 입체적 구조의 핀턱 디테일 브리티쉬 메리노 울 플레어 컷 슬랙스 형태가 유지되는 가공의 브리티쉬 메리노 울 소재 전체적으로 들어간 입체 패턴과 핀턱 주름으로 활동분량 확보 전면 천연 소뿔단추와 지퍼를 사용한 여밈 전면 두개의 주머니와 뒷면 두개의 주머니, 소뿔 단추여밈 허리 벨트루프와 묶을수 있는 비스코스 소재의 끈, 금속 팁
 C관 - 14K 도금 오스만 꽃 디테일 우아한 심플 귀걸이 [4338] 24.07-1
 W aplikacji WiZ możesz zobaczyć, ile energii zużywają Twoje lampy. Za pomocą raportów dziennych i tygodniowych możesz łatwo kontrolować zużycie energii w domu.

⁂

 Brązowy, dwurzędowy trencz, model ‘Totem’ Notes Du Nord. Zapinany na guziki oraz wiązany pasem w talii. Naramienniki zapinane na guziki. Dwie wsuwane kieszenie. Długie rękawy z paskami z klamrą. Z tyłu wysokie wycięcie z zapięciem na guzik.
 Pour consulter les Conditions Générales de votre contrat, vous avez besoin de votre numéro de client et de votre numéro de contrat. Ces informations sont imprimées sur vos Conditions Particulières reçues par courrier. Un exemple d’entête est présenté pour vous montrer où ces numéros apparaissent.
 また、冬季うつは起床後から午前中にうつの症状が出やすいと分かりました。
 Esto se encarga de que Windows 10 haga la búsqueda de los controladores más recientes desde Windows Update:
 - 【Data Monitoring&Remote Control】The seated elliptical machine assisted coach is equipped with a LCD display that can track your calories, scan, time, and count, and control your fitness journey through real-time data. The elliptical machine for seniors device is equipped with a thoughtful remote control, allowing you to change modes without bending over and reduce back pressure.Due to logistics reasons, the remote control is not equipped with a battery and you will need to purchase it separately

⁂

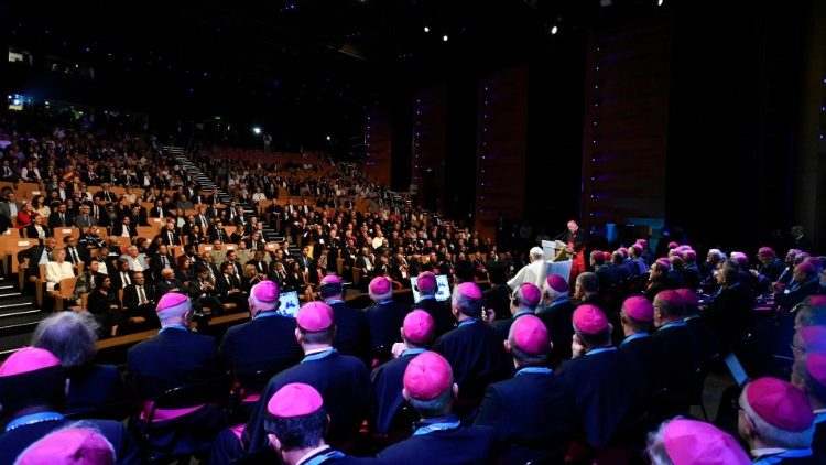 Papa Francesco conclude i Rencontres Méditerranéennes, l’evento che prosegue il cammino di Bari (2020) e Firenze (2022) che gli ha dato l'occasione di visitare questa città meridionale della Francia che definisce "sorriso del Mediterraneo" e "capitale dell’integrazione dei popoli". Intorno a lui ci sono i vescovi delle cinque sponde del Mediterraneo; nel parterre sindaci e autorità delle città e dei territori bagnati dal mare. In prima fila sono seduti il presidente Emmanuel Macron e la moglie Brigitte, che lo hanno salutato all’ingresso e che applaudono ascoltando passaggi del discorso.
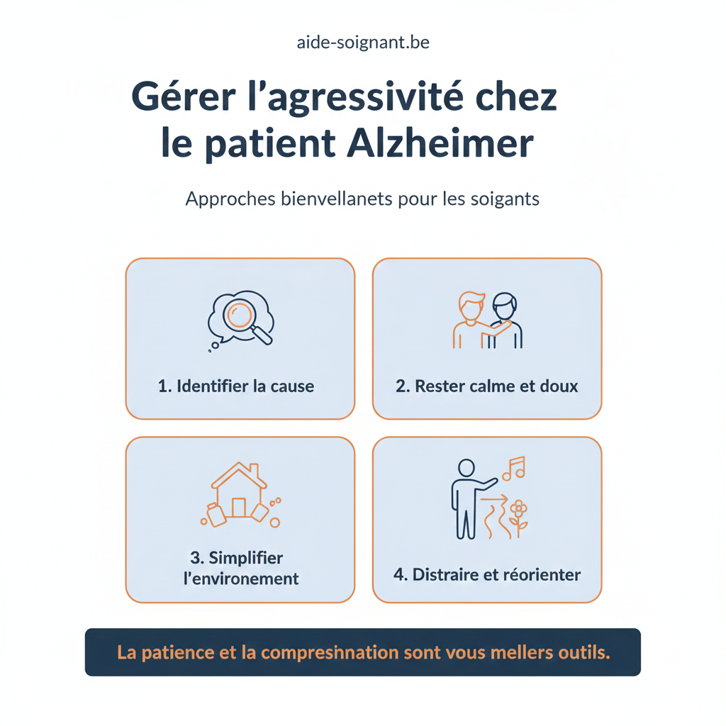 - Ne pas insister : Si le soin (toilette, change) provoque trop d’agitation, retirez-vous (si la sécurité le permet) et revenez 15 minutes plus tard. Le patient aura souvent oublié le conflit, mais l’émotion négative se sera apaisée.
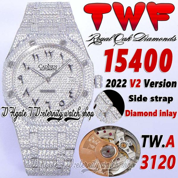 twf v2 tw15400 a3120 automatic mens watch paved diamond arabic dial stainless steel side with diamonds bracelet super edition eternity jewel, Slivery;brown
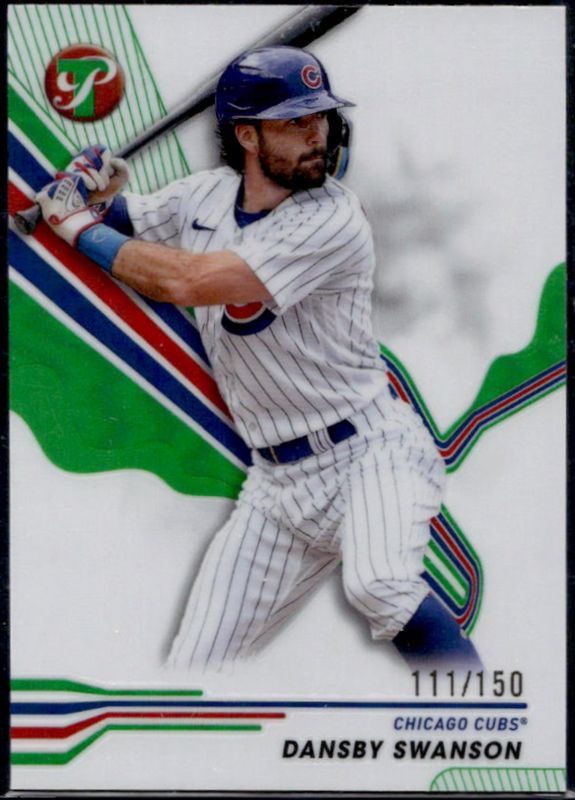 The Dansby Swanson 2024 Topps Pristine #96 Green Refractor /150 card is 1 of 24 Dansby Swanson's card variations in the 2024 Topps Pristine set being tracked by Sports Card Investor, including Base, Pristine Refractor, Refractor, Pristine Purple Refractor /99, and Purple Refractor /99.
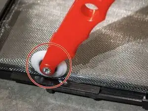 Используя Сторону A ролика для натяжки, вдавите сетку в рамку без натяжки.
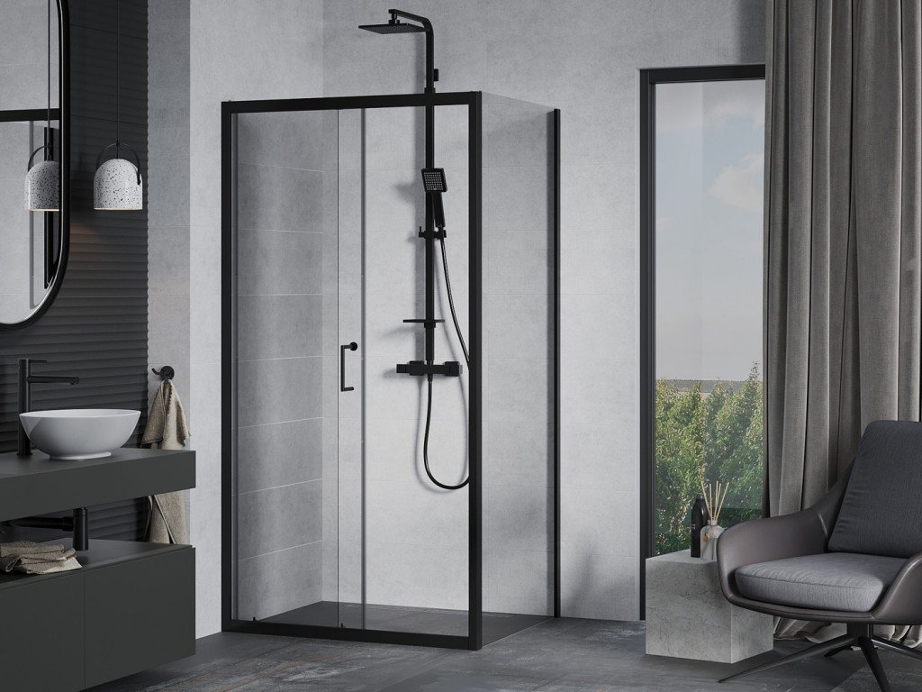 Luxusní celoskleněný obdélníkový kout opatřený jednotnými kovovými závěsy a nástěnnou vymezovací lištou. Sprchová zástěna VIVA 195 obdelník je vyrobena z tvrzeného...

⁂

* _About this exercise_
Which part of the entries opens with the line containing "The Dansby Swanson" and closes with the line containing "Используя Сторону A"? Output that part exactly, ends included, pictures excluded.

* _Answer to the problem_
 The Dansby Swanson 2024 Topps Pristine #96 Green Refractor /150 card is 1 of 24 Dansby Swanson's card variations in the 2024 Topps Pristine set being tracked by Sports Card Investor, including Base, Pristine Refractor, Refractor, Pristine Purple Refractor /99, and Purple Refractor /99.
 Используя Сторону A ролика для натяжки, вдавите сетку в рамку без натяжки.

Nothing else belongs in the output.